More than a thousand samples were made for this study. The target amount of cement, water and soil was measured based on mass. In order to establish the influence of sand impurities, 0–100%, 20–80% and 40–60% of sand-clay proportions were adopted, while keeping the total mass of soil consistent with the desired soil to cement ratio. In order to ensure homogeneity of the soil batch, the mixture was prepared by mixing the proposed amount of sand, kaolin clay and water together using the Hobart N50 mixer for 10 min. Next, the appropriate amount of cement is added to the mix to achieve the desired cement content, before mixing for a further 10 min. Additionally, the mixing was paused for one minute in between to scrape off contents left at the dead corners of the mixing blade, particularly soil attached to the side wall and bottom of the mixer bowl by using a spatula, following the Japanese Standard JGS 0821-2009 [19].

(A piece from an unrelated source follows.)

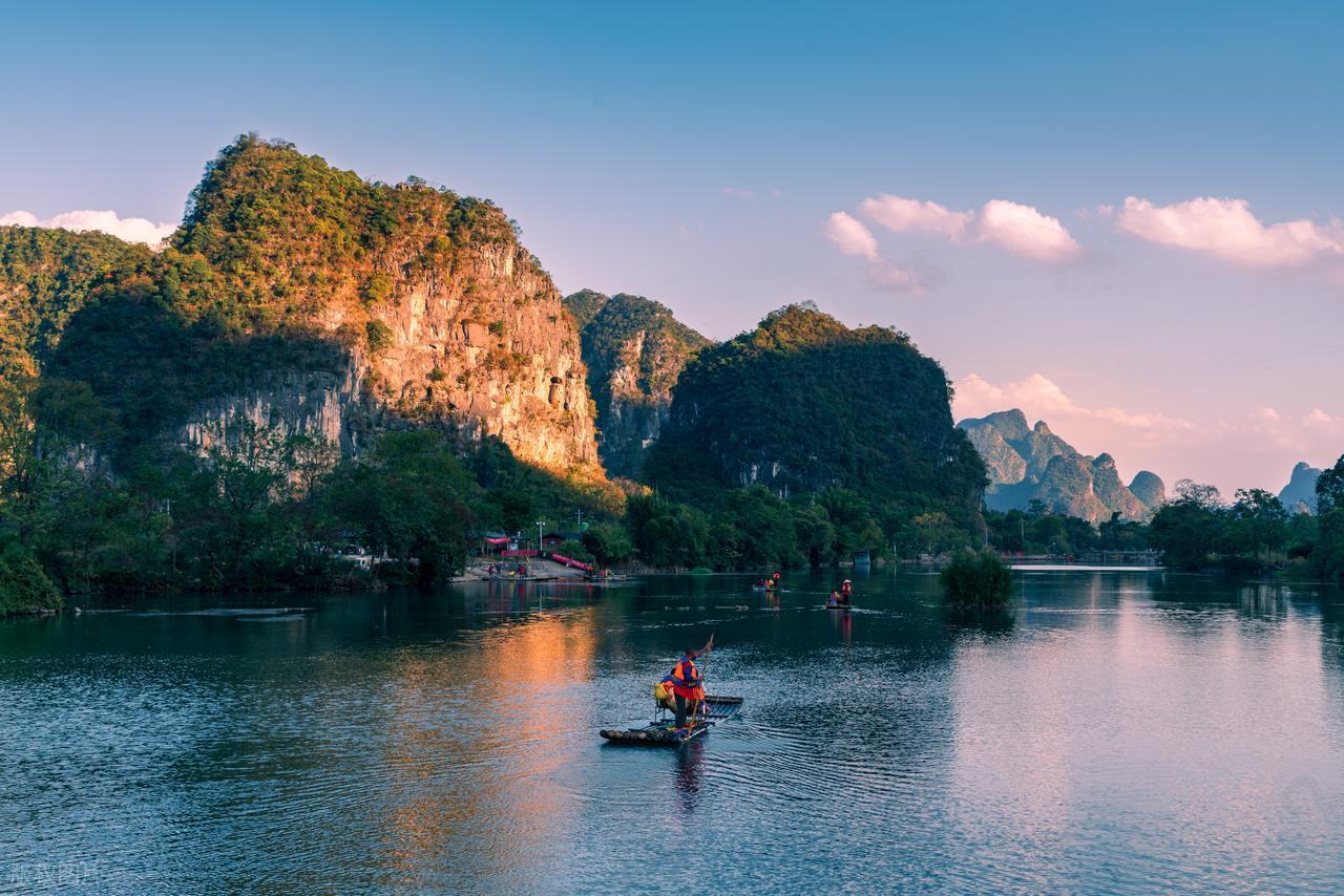 莫道春光好,秋水更宜人。當竹排滑破平靜的水面,駛向天琴湖那汪碧藍的深處,遊客只能用“哇哇!”的驚歎來表達當下的心情。在龍州紅軍古道景區·天琴壯寨,景區打造的自然親水空間,以及槳板等項目,爲遊客提供了秋日玩水體驗。

After the batch has been mixed, the mixture was then poured into plastic moulds coated lightly with petroleum jelly on the inside. These plastic moulds are disposable and have a diameter and height of 50 mm and 100 mm, respectively. The mix was poured into these moulds in 4 layers with compaction by manual tapping. Due to the slurry condition of the mix, the manual tapping is effective in avoiding formation of large pores within the specimen, but do not actually densify the mix. This was ascertained by the consistencies in density of the specimens prepared. The top end was sealed with paraffin film and plastic cap to prevent moisture loss in the mix. The specimens were then fully submerged in water in a controlled room temperature of 23 ± 2 °C till the desired curing ages.

Different mix ratios were prepared, by varying the water:cement ratio (w/c), soil:cement ratio (s/c) and the percentage of sand impurities as shown in Table 6. The curing ages studied were 3, 7, 14, 28 and 91 days for both OPC and PBFC specimens. It is interesting to note that specimens with the same w/c and s/c but higher sand percentage produced more slurry mixes than those of a lower sand percentage. The amount of free water was therefore more apparent in these mixes with higher sand percentage [9].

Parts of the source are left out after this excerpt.